For more information about using distributions with Replicator, you can check out the NVIDIA documentation.


Next we set up the camera and set the value for focus distance, focal length, position, rotation, and f-stop.

camera = rep.create.camera(
    focus_distance=90, focal_length=35,
    position=(0, 285, 0), rotation=(-90, 0, 0), f_stop=16)
render_product = rep.create.render_product(camera, (512, 512))

#camera = rep.create.camera(
#    focus_distance=90, focal_length=35,
#   position=(0, 300, 0), rotation=(-90, 0, 0), f_stop=16)
#render_product = rep.create.render_product(camera, (512, 512))

camera2 = rep.create.camera(
    focus_distance=90, focal_length=30,
    position=(0, 275, 0), rotation=(-85, 0, 0), f_stop=16)
render_product2 = rep.create.render_product(camera2, (512, 512))

For more information about using cameras with Replicator, you can check out the NVIDIA documentation.

Basic Writer

The next code will create the writer which writes our images to the specified location on our machine. Here we set the output_dir, rgb, and bounding box values.

writer = rep.WriterRegistry.get("BasicWriter")
    output_dir = basepath+'\\data\\rendered\\'+datetime.datetime.now().strftime("%Y-%m-%d-%H-%M-%S")+'\\'+dataset, 
    rgb=True, bounding_box_2d_tight=True)

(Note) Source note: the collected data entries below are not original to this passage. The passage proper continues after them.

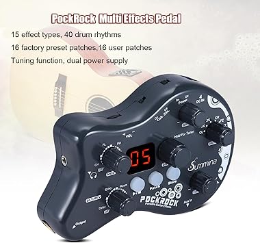 PockRock Taşınabilir Gitar Çok Efektli İşlemci Efekt Pedalı 15 Efekt Türü 40 Davul Ritmi Güç Adaptörüyle Ayarlama Fonksiyonu
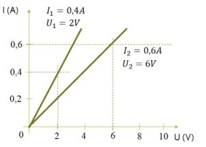 4. Merenjem električne struje i napona dva otpornika dobijen je grafik zavisnosti električne struje od napona kao na slici.
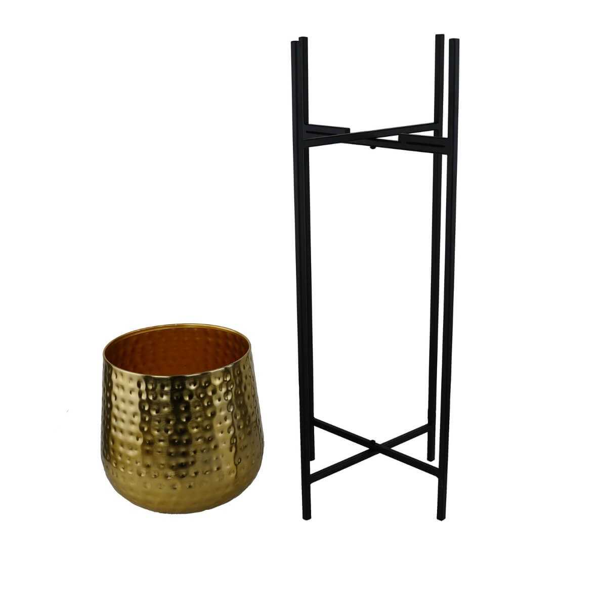 Vaso Dorato su Piedistallo Nero in Alluminio 2 Misure
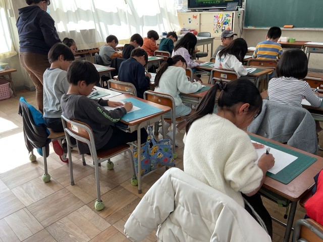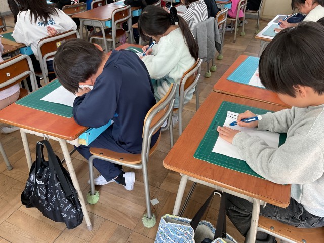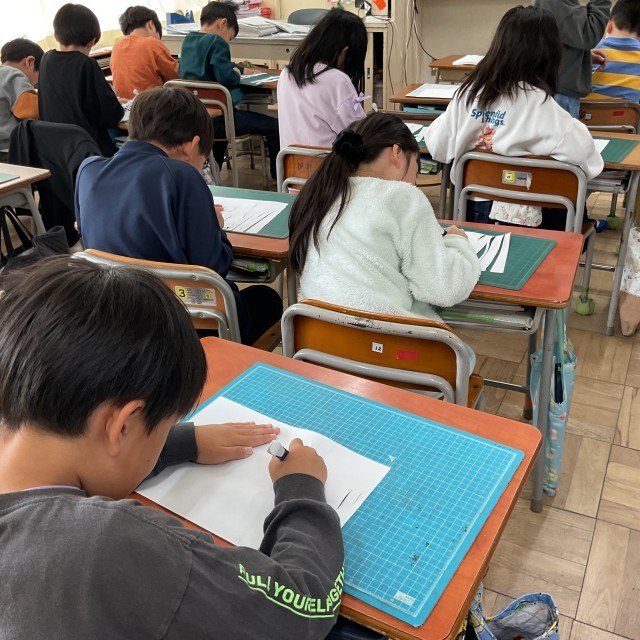 2年生は図工で、カッターナイフの使い方を学習していました。
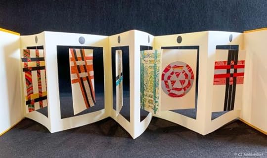 CJ Middendorf participated in my Weave Through Winter online class and shared this book she created recently in The Paper Studio (my free facebook group). There are two back-to-back weavings on each spinning panel in this accordion book. Wowza!
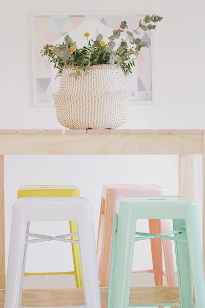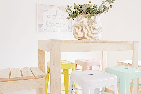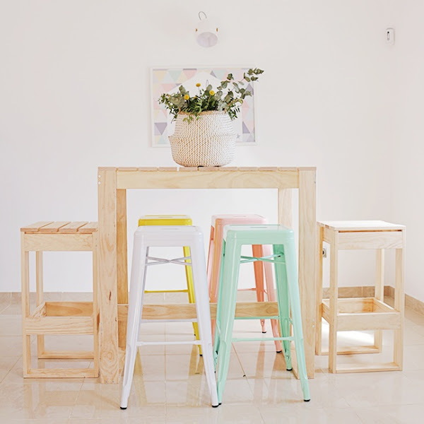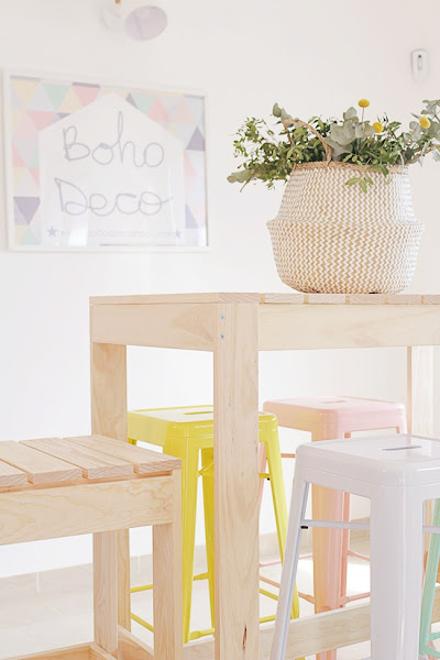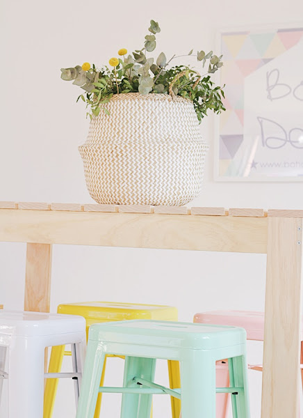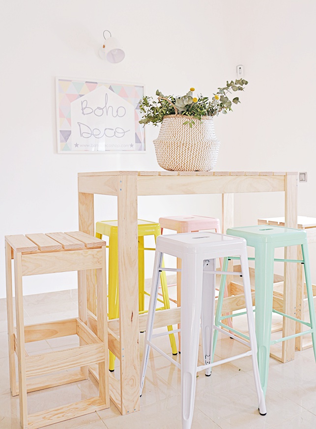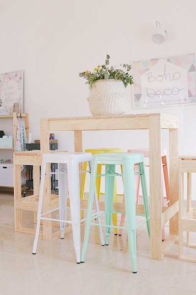 Al mudarme a Barcelona he tenido la suerte de dar una nueva vuelta a la oficina de Boho y hacerla mucho más luminosa y espaciosa. Hoy os quería mostrar la zona de reuniones, presidida por una mesa alta y con los taburetes de Sklum a juego con los colores de nuestro logo, ¿qué os parece?
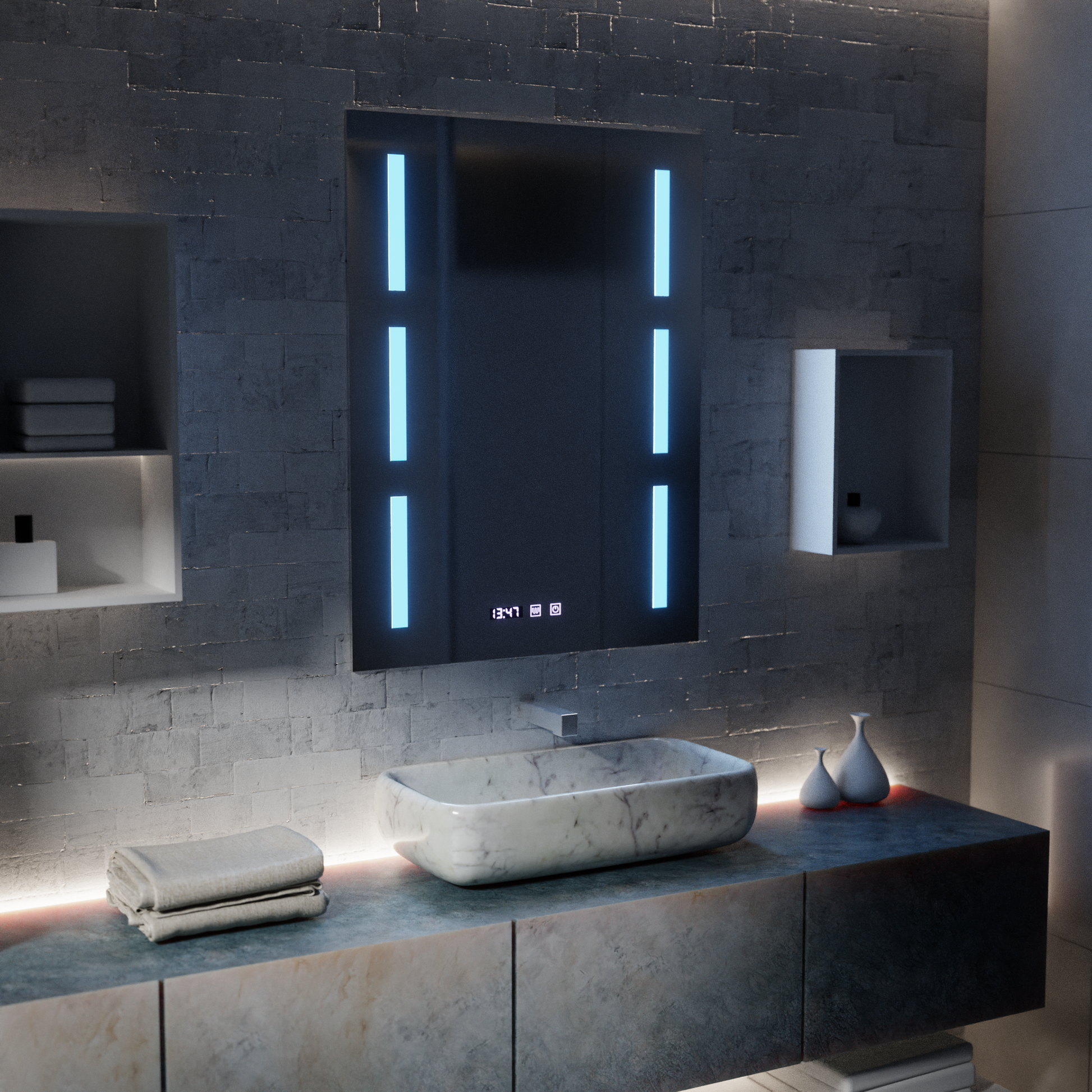 Lustro LED Touch Erich S86/60X80 System odmgławiania, zegar i temperatura 60x80 cm
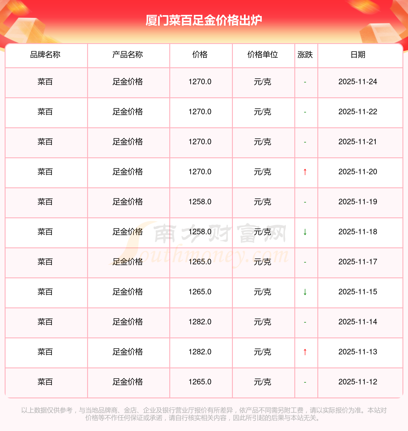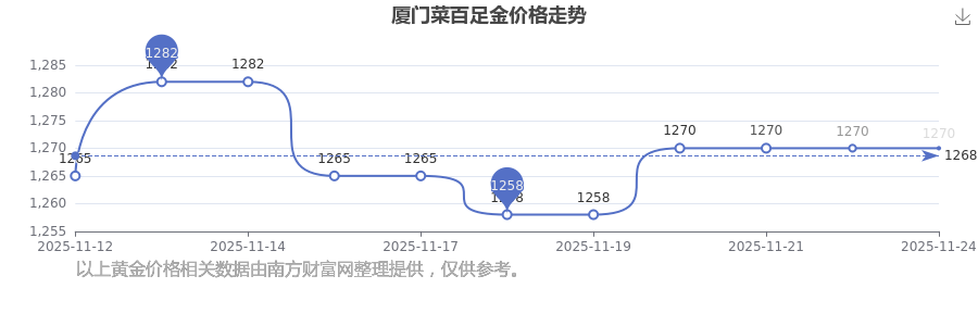 2025年11月24日,今日廈門菜百足金價格:1270.0元/克。
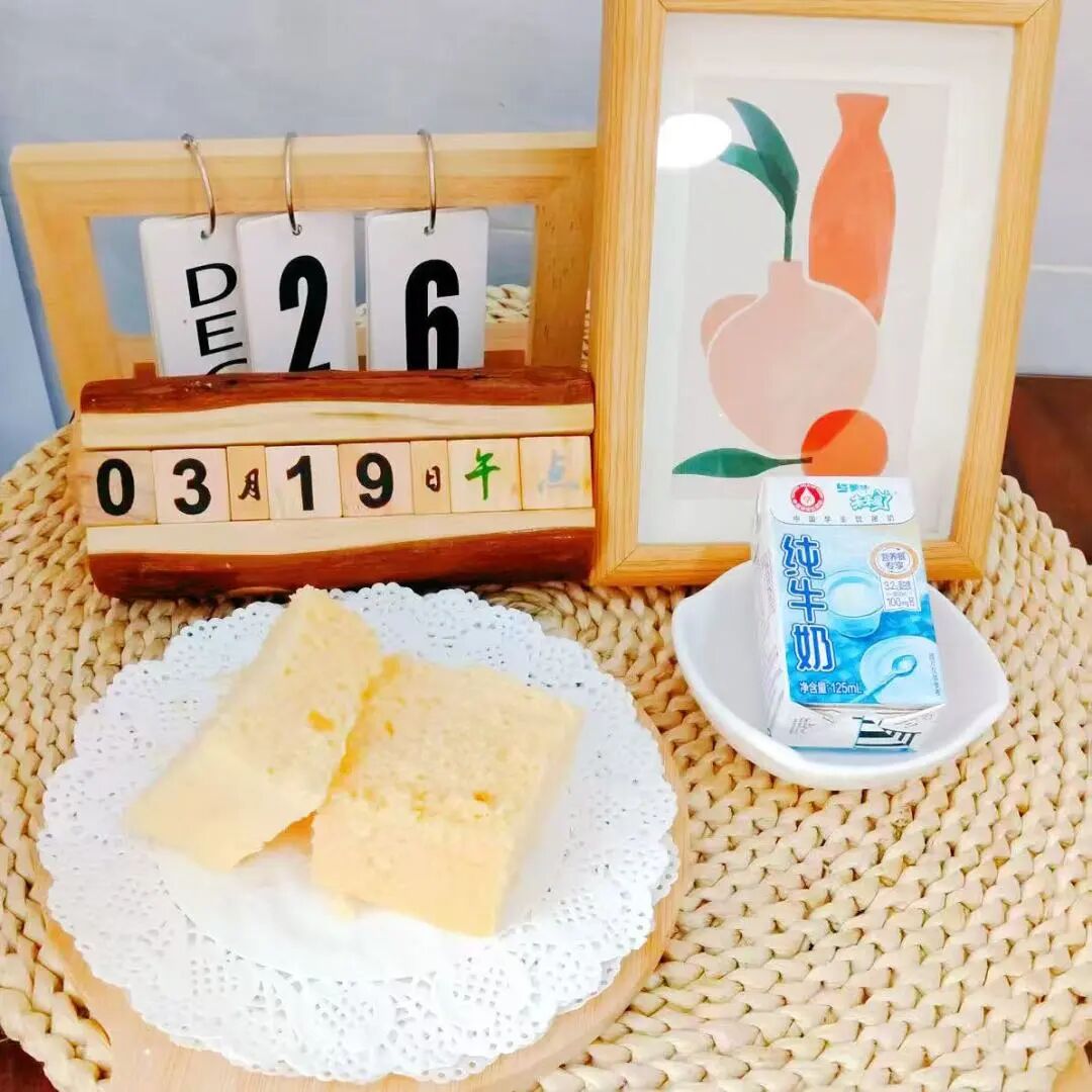 蒸蛋糕、纯牛奶

For more information about using writers with Replicator, you can check out the NVIDIA documentation.

Randomizing & Running

Finally we set the randomizers to be triggered every frame, and then run the randomizers.

with rep.trigger.on_frame(num_frames=50):
    # Table
    # Lights
    # Fruit
    if dataset == "None":
    elif dataset == "All":
        for fclass, fpath in FRUIT.items():
            rep.randomizer.randomize_asset(fpath, fclass, 15)
        rep.randomizer.randomize_asset(FRUIT[dataset], dataset, 15)


Creating Our Dataset

Now we have explored the code and updated our settings, it is time to run the code and generate our dataset. Ensuring Omniverse™ Code is opened, copy the contents of omniverse.py and paste it into the script editor. Once you have done this press the Run button, or ctrl + enter.

Remember to change the dataset variable to the relevant class and run the script for each of the 3 classes.

Head over to the data/rendered directory and you will find all of your generated data. Navigate through the various folders to view the created datasets.

Visualize Our Dataset

Next we will visualize our dataset, including the bounding boxes that were generated by the writer. In Visual Studio Code, open the project root and open the visualize.py file. Once it is opened, open the terminal by clicking view -> Terminal.

Next, install the required software. In the terminal, enter the following commands:

pip3 install asyncio
pip3 install pillow
pip3 install numpy
pip3 install matplotlib

For each image you would like to visualize you will need to update the code with the path and number related to the image. At the bottom of visualize.py you will see the following code:

rgb_dir = "C:\\Users\\adam\\Desktop\\Omniverse\\Src\\data\\rendered\\V1\\2023-06-29-00-54-00\\Apple\\RenderProduct_Replicator\\rgb"
bbox_dir = "C:\\Users\\adam\\Desktop\\Omniverse\\Src\\data\\rendered\\V1\\2023-06-29-00-54-00\\Apple\\RenderProduct_Replicator\\bounding_box_2d_tight"
vis_out_dir = "C:\\Users\\adam\\Desktop\\Omniverse\\Src\\data\\visualize"

file_number = "0000"

The writer will save images with an incrementing number in the file name, such as rgb_0000.png, rgb_0001.png etc. To visualize your data simply increment the file_number variable.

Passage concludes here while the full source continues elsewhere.